You have completed the Statistics and Data Science for Researchers curriculum. Apply this material to projects you care about; teach it to others; revisit it when a new method emerges. The field will continue to evolve — Bayesian methods will become more accessible, causal inference will continue to mature, ML and statistics will increasingly converge. The fundamentals here will remain.
References — the close-of-textbook reading list
- Wasserman, L. (2004). All of Statistics. Springer. (The compact graduate reference.)
- Hastie, T., Tibshirani, R., Friedman, J. (2009). Elements of Statistical Learning, 2nd ed. (ESL — the unified ML / statistics reference.)

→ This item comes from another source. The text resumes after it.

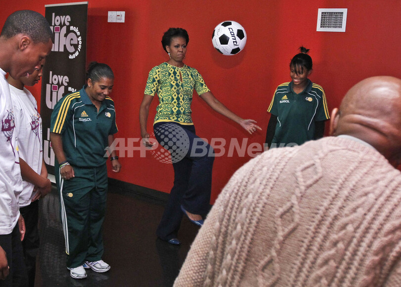 オバマ夫人が腕立て伏せやサッカー、エイズ予防イベントで 南ア
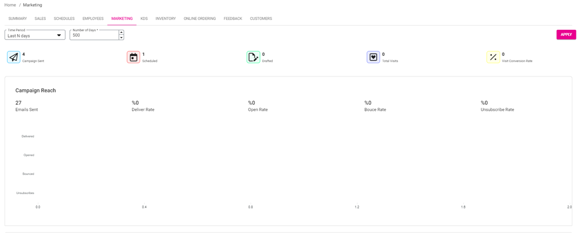 Select the Time Period from the dropdown, then click Apply. The Marketing dashboard will appear for that selected Time Period. You will be able to view the below information, based on the selected Time Period:

- Gelman, A. et al. (2013). Bayesian Data Analysis, 3rd ed. Chapman & Hall. (BDA — modern Bayesian practice.)
- Pearl, J., Glymour, M., Jewell, N.P. (2016). Causal Inference in Statistics. Wiley. (Causal inference primer.)
- Imbens, G.W., Rubin, D.B. (2015). Causal Inference for Statistics, Social, and Biomedical Sciences. Cambridge.
- Barocas, S., Hardt, M., Narayanan, A. (2019). Fairness and Machine Learning. Online: fairmlbook.org. (Algorithmic fairness reference.)
- Wickham, H., Grolemund, G. (2017). R for Data Science. O'Reilly. (Computational practice.)
- Murphy, K.P. (2022/2023). Probabilistic Machine Learning: An Introduction / Advanced Topics. MIT Press. (Modern ML + Bayesian reference.)
- Hernán, M.A., Robins, J.M. (2020). Causal Inference: What If. Online at HSPH. (Practical causal inference for epidemiology + social science.)
- VanderPlas, J. (2016). Python Data Science Handbook. O'Reilly.